* [Prompt] Given the records below, the lines starting at the line with "Rivestimento di dosatore pasta secca." and ending at the line with "7月3日(金)の夕食弁当は、" should be output exactly, both end lines kept and pictures left out.

* [Data supplied]
/---

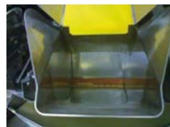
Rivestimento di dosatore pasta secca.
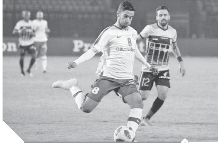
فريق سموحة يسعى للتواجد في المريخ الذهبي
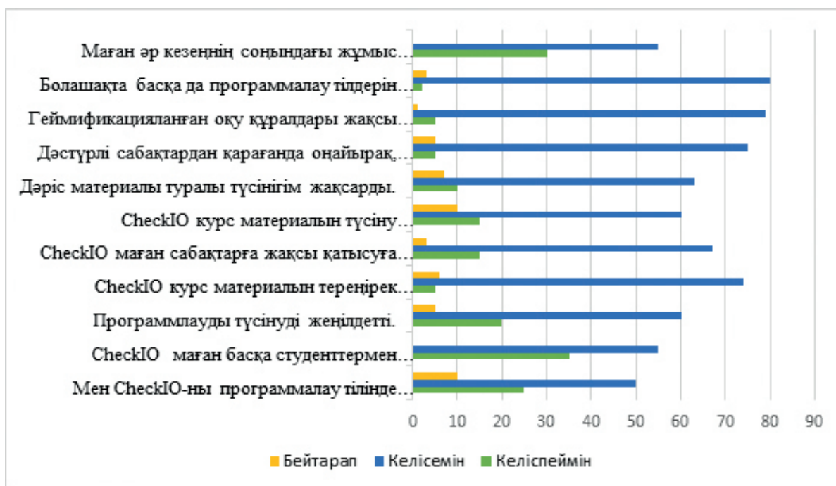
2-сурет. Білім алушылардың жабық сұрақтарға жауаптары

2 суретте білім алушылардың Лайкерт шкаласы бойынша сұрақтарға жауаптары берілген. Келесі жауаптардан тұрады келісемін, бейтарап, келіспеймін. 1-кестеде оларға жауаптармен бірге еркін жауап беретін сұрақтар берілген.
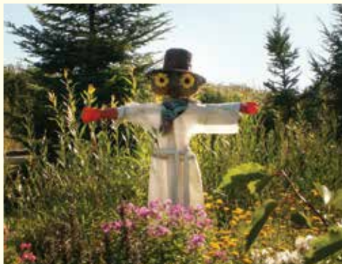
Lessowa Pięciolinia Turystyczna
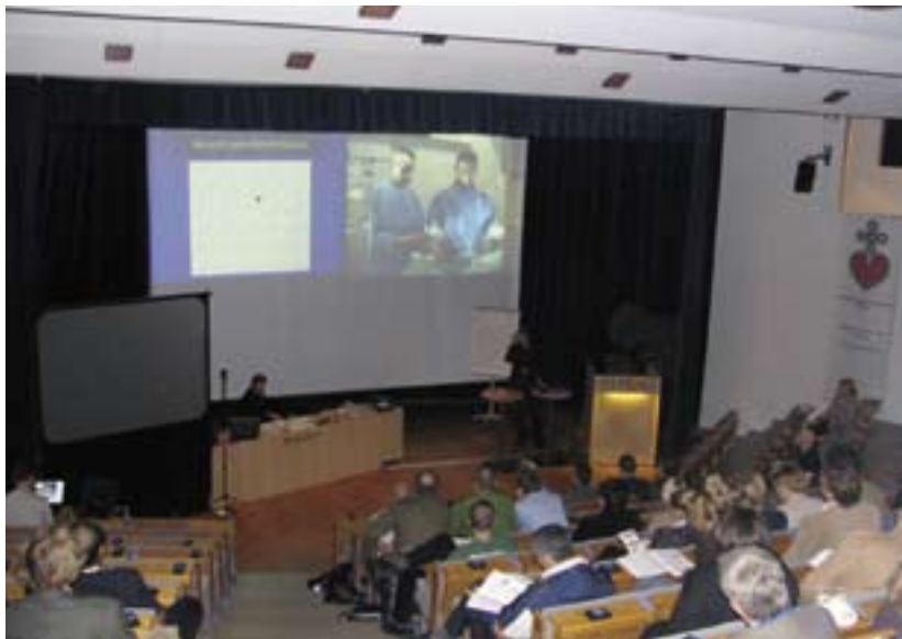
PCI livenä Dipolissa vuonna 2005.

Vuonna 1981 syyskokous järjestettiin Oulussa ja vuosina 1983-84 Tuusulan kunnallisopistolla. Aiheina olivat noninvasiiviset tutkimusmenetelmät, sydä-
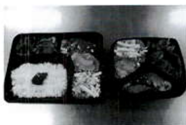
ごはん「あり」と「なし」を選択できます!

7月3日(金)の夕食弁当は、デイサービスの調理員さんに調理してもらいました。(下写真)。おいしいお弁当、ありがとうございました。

\---
/---

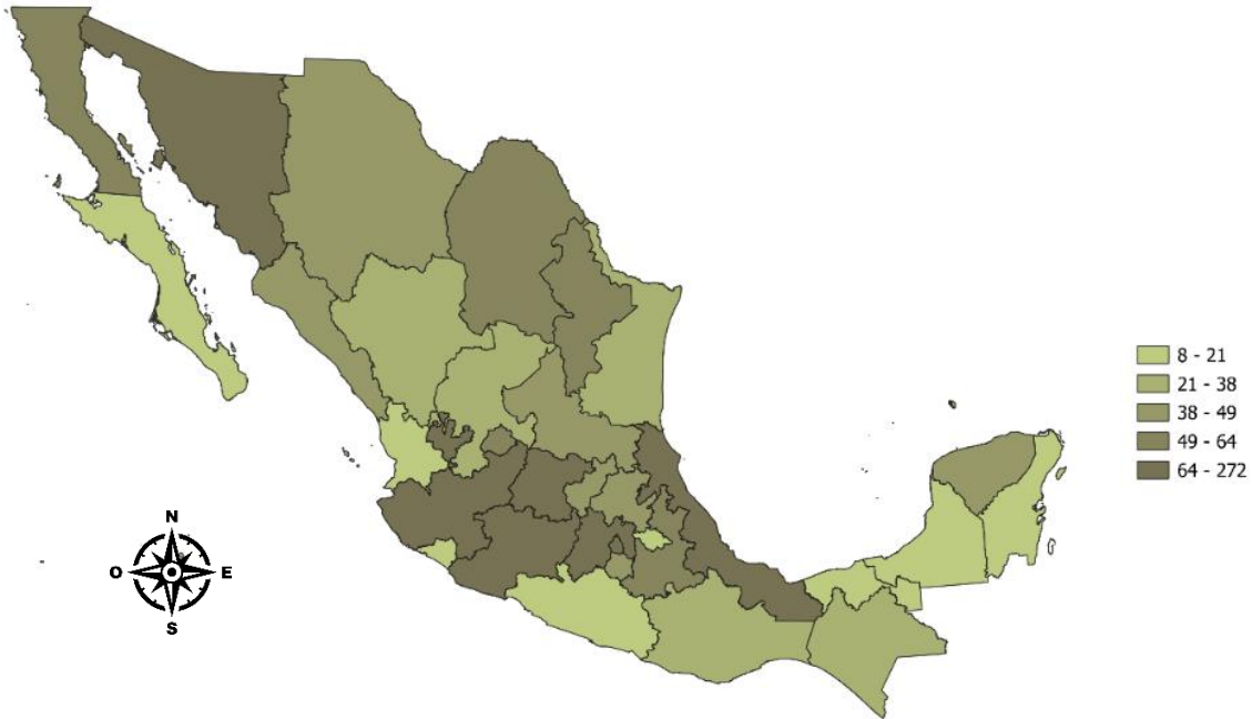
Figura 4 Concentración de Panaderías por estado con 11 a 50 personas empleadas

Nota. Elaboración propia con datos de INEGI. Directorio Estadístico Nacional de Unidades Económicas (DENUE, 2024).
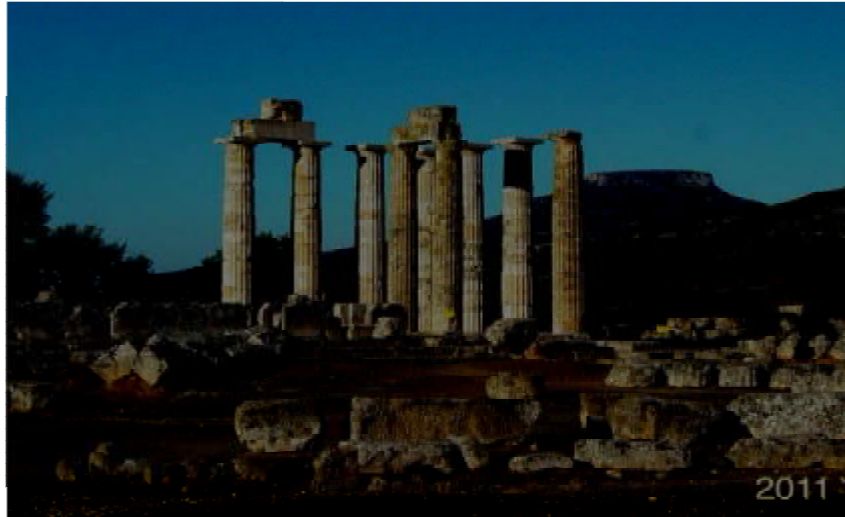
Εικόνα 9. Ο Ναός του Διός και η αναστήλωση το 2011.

\---

* [Answer to this problem]
Rivestimento di dosatore pasta secca.
فريق سموحة يسعى للتواجد في المريخ الذهبي
2-сурет. Білім алушылардың жабық сұрақтарға жауаптары

2 суретте білім алушылардың Лайкерт шкаласы бойынша сұрақтарға жауаптары берілген. Келесі жауаптардан тұрады келісемін, бейтарап, келіспеймін. 1-кестеде оларға жауаптармен бірге еркін жауап беретін сұрақтар берілген.
Lessowa Pięciolinia Turystyczna
PCI livenä Dipolissa vuonna 2005.

Vuonna 1981 syyskokous järjestettiin Oulussa ja vuosina 1983-84 Tuusulan kunnallisopistolla. Aiheina olivat noninvasiiviset tutkimusmenetelmät, sydä-
ごはん「あり」と「なし」を選択できます!

7月3日(金)の夕食弁当は、デイサービスの調理員さんに調理してもらいました。(下写真)。おいしいお弁当、ありがとうございました。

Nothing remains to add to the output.